(Available records Opens)

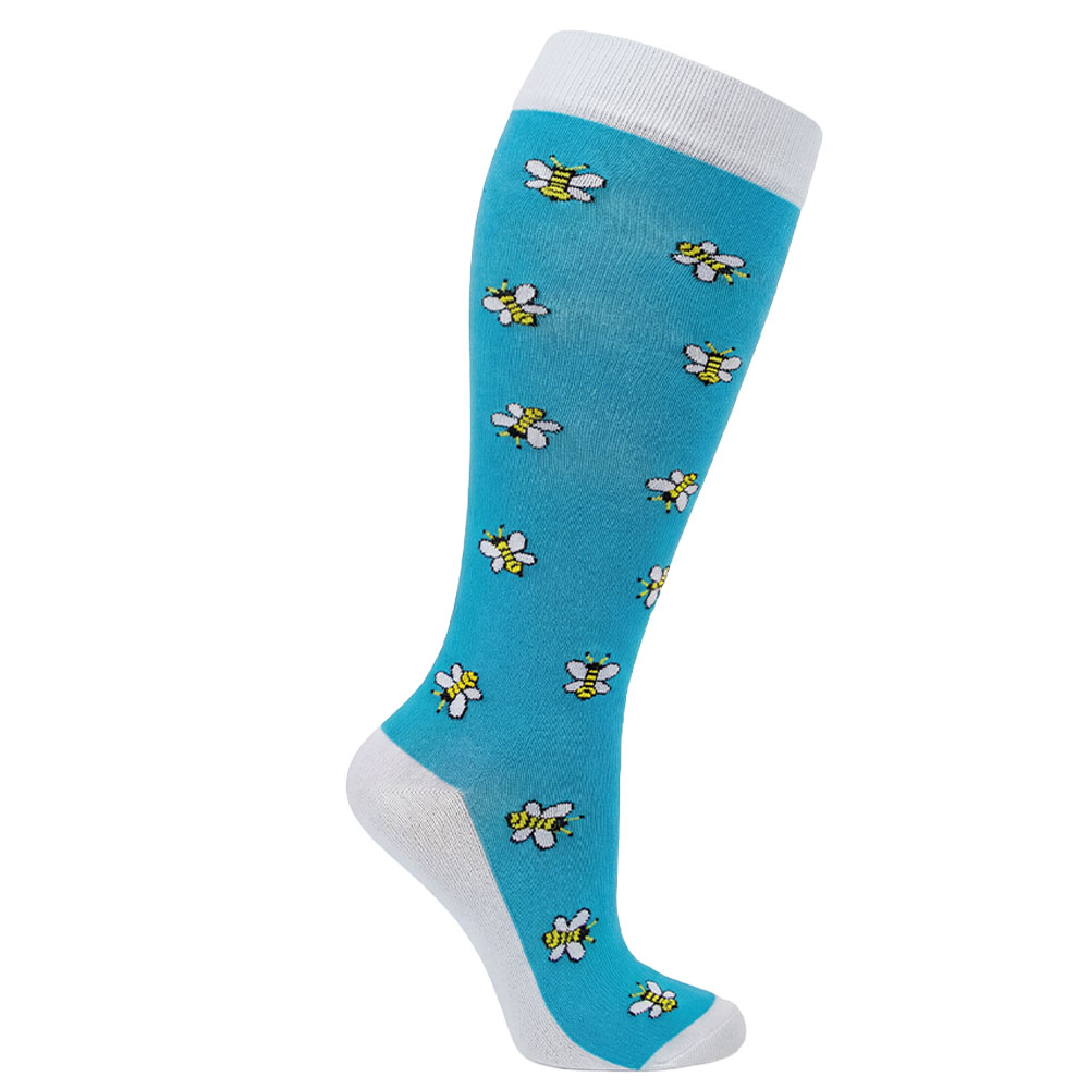 Beim Anblick der Stützstrümpfe Maya Plus summen wir automatisch das gleichnamige Kinderlied vor uns hin. Die blauen, breit geschnittenen Kompressionsstrümpfe mit Bienen-Muster sind für starke Waden gemacht. Sie beugen müden, schweren Beinen und Schwellungen vor. Ein hoher Baumwollanteil sowie der Komfortbund sorgen zusätzlich für ein angenehmes Tragegefühl.
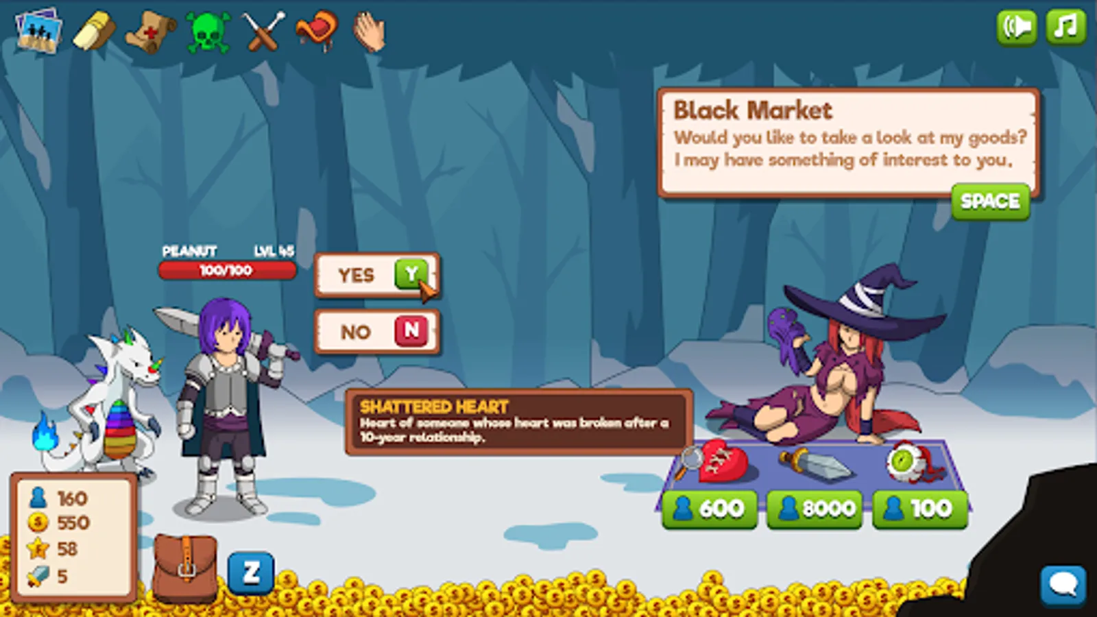● Make Good Deals - Purchase sweets and potions with your gold coins or trade your followers in the black market for rare items.
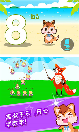 1、宝宝开心,爸妈省心,让数字变得好玩!2、场景众多:动物园、恐龙世界、农场、海洋世界,宝宝爱不释手!
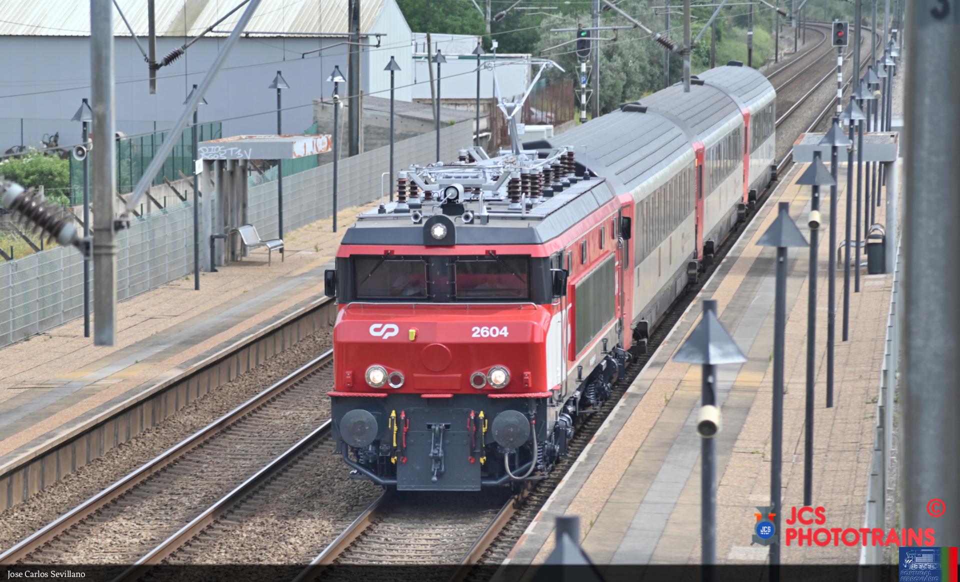 | Descrição | Paso por el apeadero de Aquim de la, recientemente incorporada al servicio activo, locomotora 2604, con los nuevos colores corporativos y un corte de tres coches ex-Renfe, en viaje de pruebas |
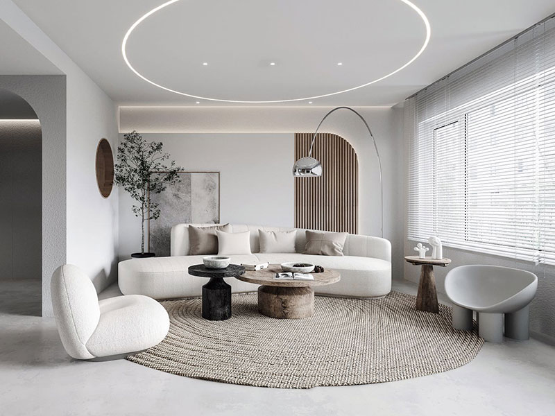 本案定位于侘寂风格,素净的色调以及粗糙的质感,结合温暖的灯光氛围、恰当的留白和自然随性的布局,彰显居室的自然空寂。
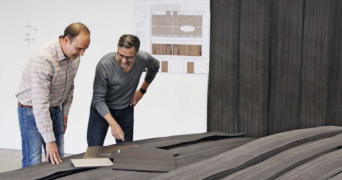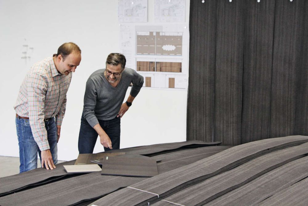 Tobias Scherg (l.), Leiter des Bereichs Furnier, und Kundenberater Andreas Zips begutachten das seltene Furnier. Bilder: Roser AG
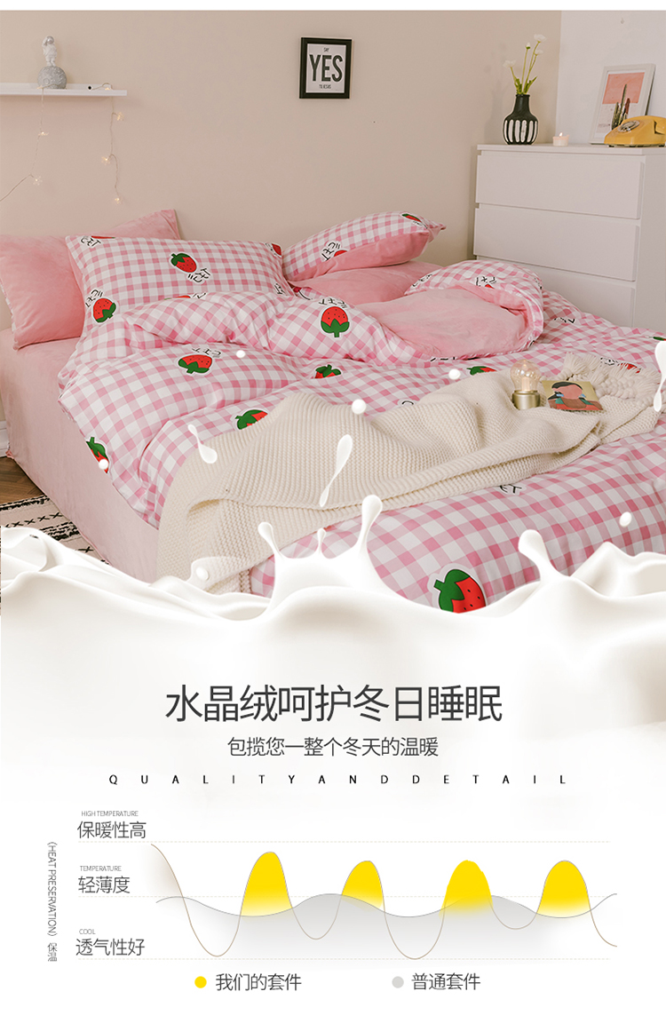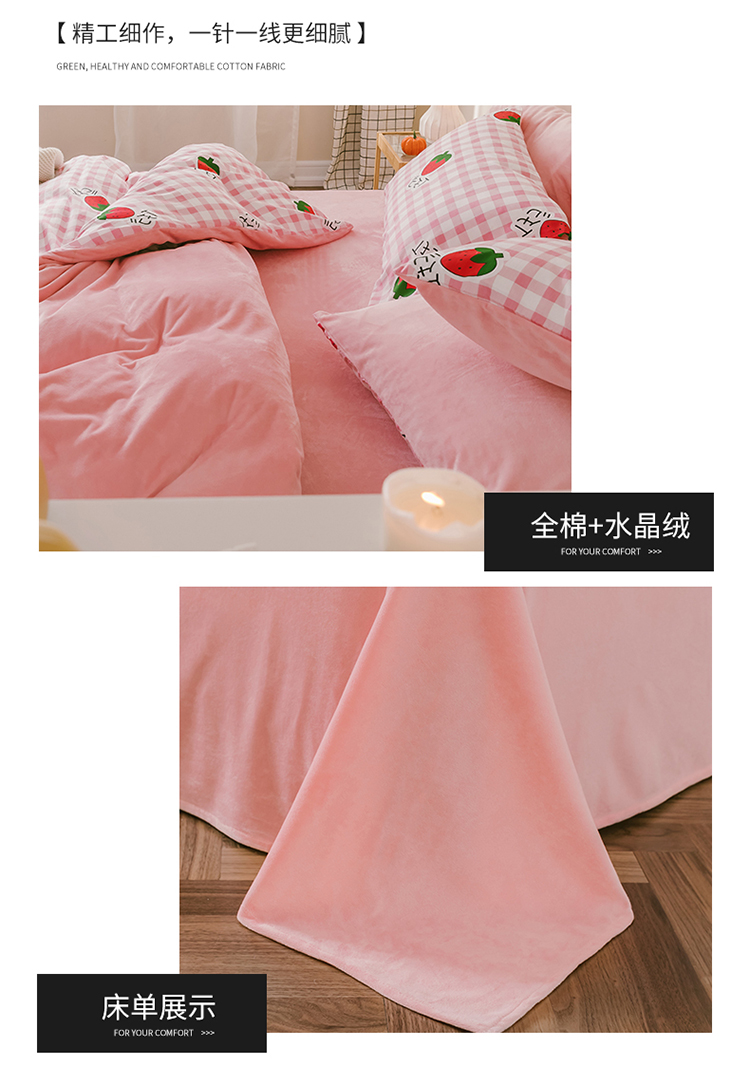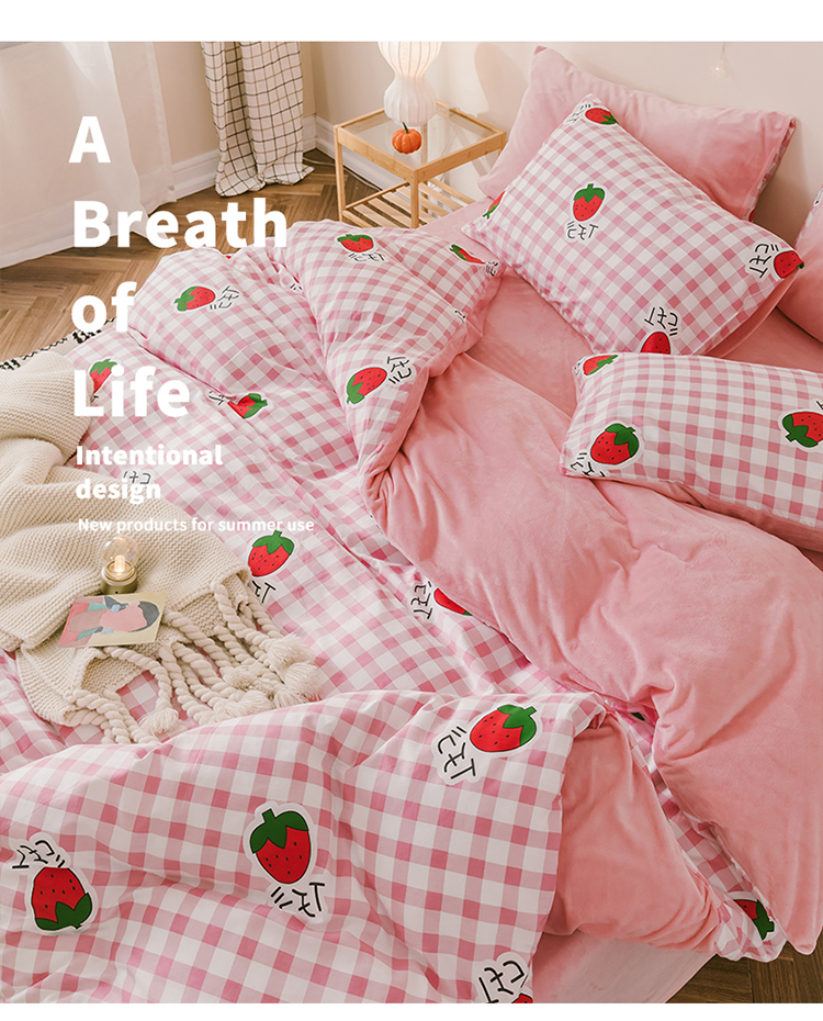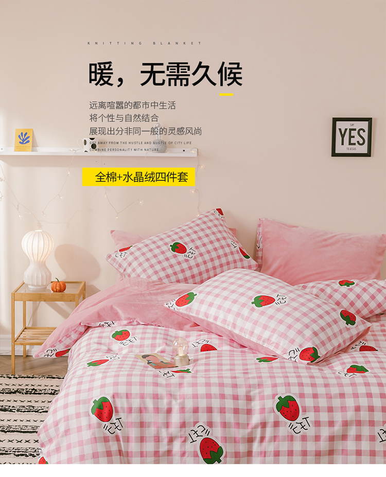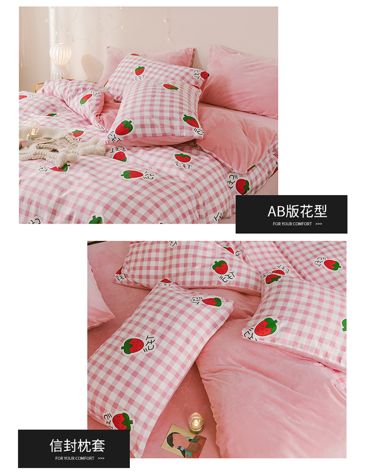昔可 2019新款13372棉加绒水果系列四件套 格子草莓
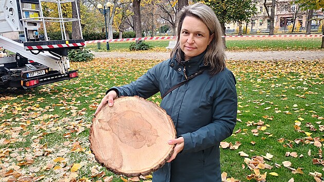 Stav lípy srdčité ve Smetanových sadech byl havarijní, v úterý ji proto správci zeleně pokáceli. (29. října 2024)
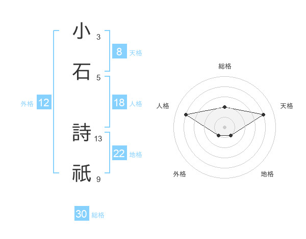 小石 詩祇さんの総格は30画の2点!
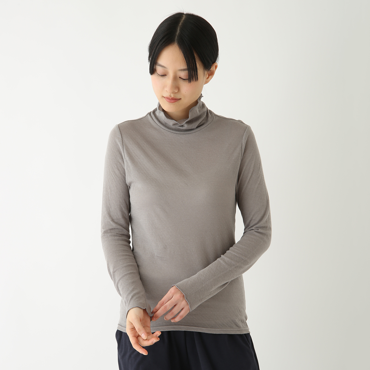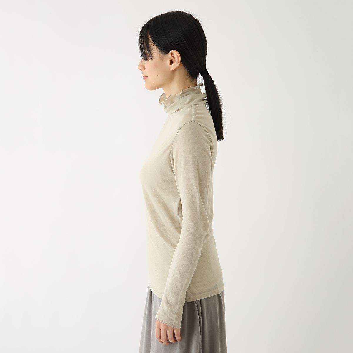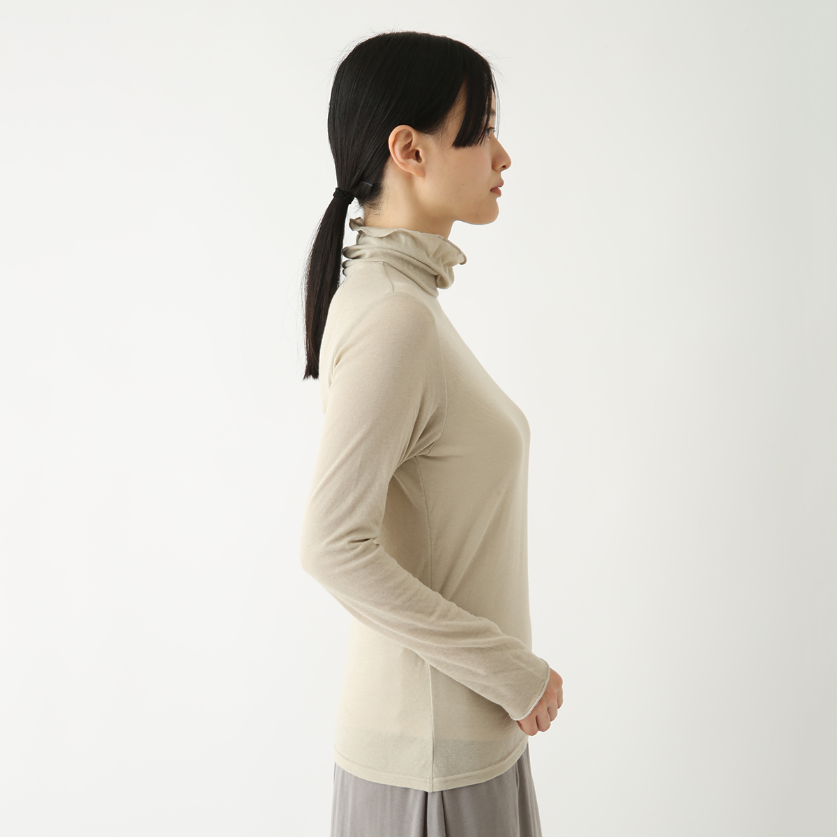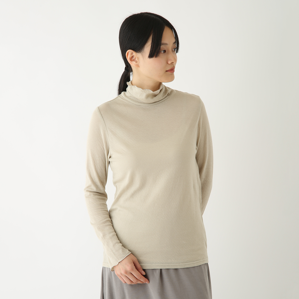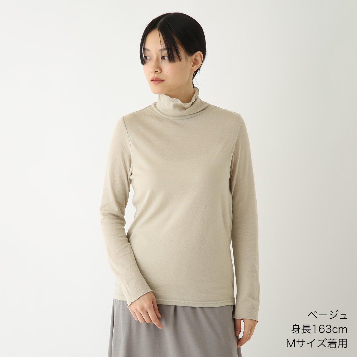 タートルネックで、肌にチクチクしないものを探していましたが、ベージュを着てみたら、着心地がよくて気に入ったので、色違いのものを買いました。体のラインが出やすいので、少し値は張りますが、カーディガンと揃えて買うと、スタイルが決まります。
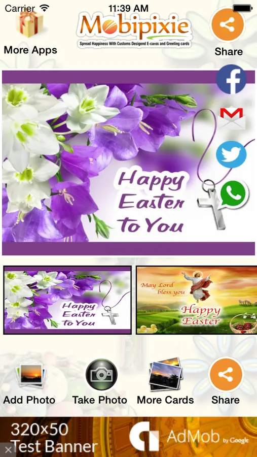3. Cards are ready to send by email, chat, what's App, Facebook post, twitter post, Instagram, google plus and other community and communication medias available in your device.

(Available records Closes)

> _Requirement_
From the records above, copy exactly the stretch from the line holding "本案定位于侘寂风格,素净的色" through the line holding "タートルネックで、肌にチクチ", both ends included, without the pictures.

> _Written response_
 本案定位于侘寂风格,素净的色调以及粗糙的质感,结合温暖的灯光氛围、恰当的留白和自然随性的布局,彰显居室的自然空寂。
 Tobias Scherg (l.), Leiter des Bereichs Furnier, und Kundenberater Andreas Zips begutachten das seltene Furnier. Bilder: Roser AG
昔可 2019新款13372棉加绒水果系列四件套 格子草莓
 Stav lípy srdčité ve Smetanových sadech byl havarijní, v úterý ji proto správci zeleně pokáceli. (29. října 2024)
 小石 詩祇さんの総格は30画の2点!
 タートルネックで、肌にチクチクしないものを探していましたが、ベージュを着てみたら、着心地がよくて気に入ったので、色違いのものを買いました。体のラインが出やすいので、少し値は張りますが、カーディガンと揃えて買うと、スタイルが決まります。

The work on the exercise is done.